Indeed, accountability remains a fundamental problem with all those public services which have been granted some autonomy. If services are not managed directly - the so-called monolithic model - they have to be regulated. The processes of regulation are bureaucratic and inflexible. Despite this, those being regulated do not necessarily improve standards, unless sanctions are used, and they in turn may reduce accessibility to essential services. Few HAs can be satisfied that standards are being maintained in the large number of independent nursing homes providing the bulk of nursing care of the elderly, but if they interfere too much they become oppressive. The provider apologising for shortcomings in no way ensures improvement (look at the railways).

More public involvement might be thought to ensure higher standards and the dependability of the white paper's title, but the lack of organisational clarity is a problem. Very few people outside the NHS could give a coherent account of the relative responsibilities of HAs, trusts, fundholders and community health councils. The white paper suggests that almost any NHS body should consult local people. This is naive and impractical. Consulting the public is a sophisticated and complicated exercise.

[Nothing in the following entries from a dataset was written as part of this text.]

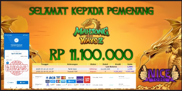 Selamat kepada User id : KIM** Telah berhasil mendapatkan kemenangan besar pada permainan SLOT MAHYONG WAYS 2 Dengan kemenangan Sebesar Rp.11.100.000,- Setelah mengisi formulir withdraw dengan kurung waktu hanya 5 – 10 menit pihak NICETOGEL sudah melakukan transfer kepada pemilik Userid dan dana sudah dapat di cairkan oleh pemenang. Bukti pembayaran yang kami berikan merupakan bukti pembayaran yang SAH / VALID yang langung di dapatkan melaui tanda transfer transaksi dari Bank yang di tuju.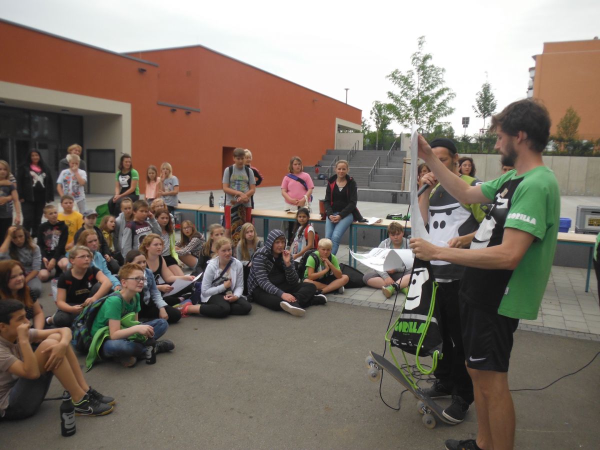 Die Schüler unserer 5. und 6. Klassen lernten bei Sportarten wie Breakdance, Longboard/Streetskate, Parcour, Slackline, Frisbee oder Freestyle Soccer mehr Uga-Uga Power und vor allem sich selbst kennen. Bei dem Tagesworkshops wurden nicht nur Fähigkeiten in neuen Freestylesportarten, sondern auch in Ernährung und nachhaltigem Konsum vermittelt. GORILLA ist ein Gesundheitsförderungsprogramm und wird von der GORILLA gGmbH und der Prof. Otto Beisheim Stiftung getragen. Mit ihrem Selbstverständnis stoßen die GORILLAs bei uns auf offene Türen: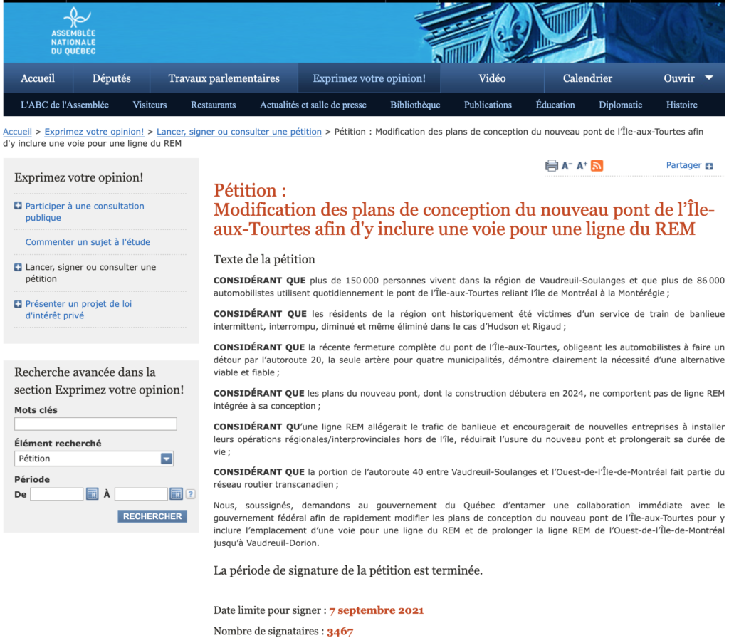 For decades citizens of the island of Ile-Perrot & the Vaudreuil-Soulanges region have been pandered to by candidates of all stripes & successive government officials with empty promises to resolve the transportation grid nightmare problems we’ve been forced to face. However, this new day & age of social media now permits us to speak more directly to our elected officials. At this critical juncture in how we move forward as a region and a province, we the people have had enough of the empty promises, and we’ve decided to take matters into our hands and are starting to speak up! Below is a recent list of lobbying attempts we have made, and more are in the works! Considering registering so as to be informed of and possibly joining us in future ‘calls to action’!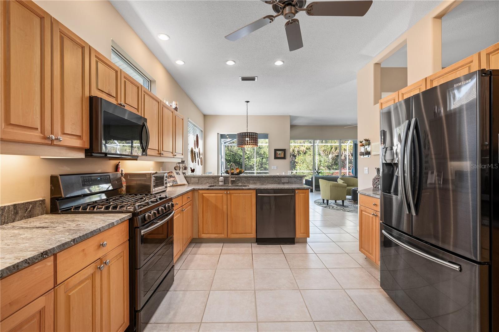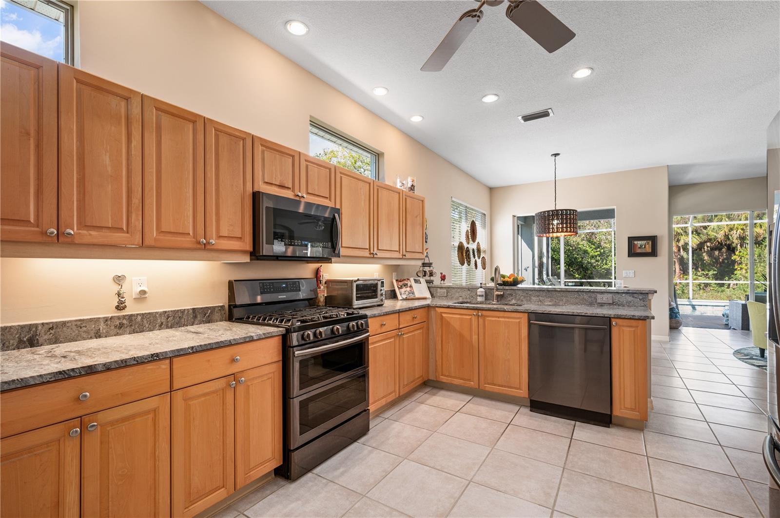 Sarasota’s Palmer Ranch was created years ago as a kind of sanctuary where residents could live, work, shop and play in harmony with nature. Over time it has grown to over 30 private communities that blend a host of lifestyle amenities while maintaining its environmental sensitivity. Turtle Rock is one of these very unique communities, and within the gates of this pristinely maintained community is Savannah, a private enclave that welcomes you with a warm embrace. As you drive the tree lined winding roads you will arrive at this meticulously maintained 3 bedroom, 2.5 bath, study/4th bedroom, with private pool, that masterfully blends subtle architectural details with the most sought after features found in today’s homes. Upon entry you are captivated with the open spaciousness of the home that is enhanced with ceilings soaring to almost 10 ft. in height. The epitome of the perfect entertaining home your guests will be captivated by this overall floorplan that transitions from the ambient warmth of the living room area with its bamboo wood flooring to the open concept of a family room with porcelain tile that expands the kitchen and dining areas, while capturing natural foliage backyard vistas and the pristine waters of your own private pool. The kitchen with its rich honey color wood cabinetry offers an abundance of storage space and is complimented with new granite counters featuring a leather finish than enhances the stones natural beauty. Graphite color appliances that include a natural gas range, compliment the endless amounts of counter space, perfect for displaying your favorite culinary dishes. Your visiting guests will enjoy the peaceful ambiance each bedroom suite has to offer, and for those in need of a home office or crafting room, the fourth bedroom with double French doors and built in storage cabinetry provides that multi-functional capability. The primary bedroom with en suite bath and relaxing garden tub captures both pool and backyard vistas and offers a perfect way to unwind in peaceful solitude at the end of a fun-filled day. One of the signature features of the home is the renovated private pool and lanai area that features exquisite marble tile that flows throughout and enhances the breathtaking view of the teal blue pool waters and the palette of floral fauna beyond. You couldn’t ask for a better way to enjoy poolside barbeques with friends or a romantic evening dinner under a starlit sky and soft ambient lighting. In addition to these refinements additional features and upgrades include, natural gas for the pool heater and Noritz insta-hot water system, new roof (2023), HVAC (2022), pool resurfaced with a beautiful PebbleTec finish, and marble tile installed on the lanai (2023), pool screen (2019) and more. Plus, no hurricane or flood damage from past storms. Take a walk or short bike ride to the lakefront community club house that hosts an array community and private events, or enjoy the cool waters of the large community pool. Other amenities include tennis and basketball courts, a children’s playground and a tree canopied walk-way and bridge that takes you to miles of pristine beauty the famed Legacy Trail has to offer. Within close proximity to a host of the area’s finest restaurants, shopping and the unparalleled gulf beaches, you couldn’t ask for a better place to call home and to enjoy the lifestyle Florida one day you envisioned yourself living.

Any old survey is worse than useless

Lurking behind the white paper's proposal is the suspicion that this is the second step to a more fundamental alteration in the relationship of GPs to the NHS. It is emphasised a suspicious number of times that GPs' independent contractor status will remain. Existing legislation allows for salaried GPs, and there is much in these proposals which would make that a more likely, and maybe a more satisfactory, arrangement. If PCGs evolve into fully-fledged trusts it would be odd that one of the most significant clinical groups should not be employed by the trust. Consultant hospital doctors have not suffered unduly from being employees.

The proposals for PCGs, although apparently an innovative development, in fact compound some of the intrinsic problems facing the NHS since the 1990 changes: increasing organisational complexity, confusing lines of accountability, conflicting ideas of local discretion and central control, romantic allegiance to concepts such as primary care - all are likely to make the health service more difficult to manage than ever. Is there an alternative?

The development of a healthy nation must be a government priority, but the task is largely beyond the capacity of the NHS, which has scant control of the economy, of employment, housing or the environment. The NHS therefore remains largely concerned with its patients.

So how best can patients' interests be served? Patients are at the centre of the NHS, and the clinical staff surround them. It is the duty of managers to provide these staff with the wherewithal. But it's also the duty of managers to take advice to ensure what is being provided is appropriate. This advice comes from the experts and from two types of public, the informed and the uninformed. Organisations therefore need to build on this model which gives clear roles to the doers, the enablers and the commentators.

Such a simple concept is utterly obscured by the white paper's mixture of organisational naivety and political rhetoric, and government inability to learn from past experience.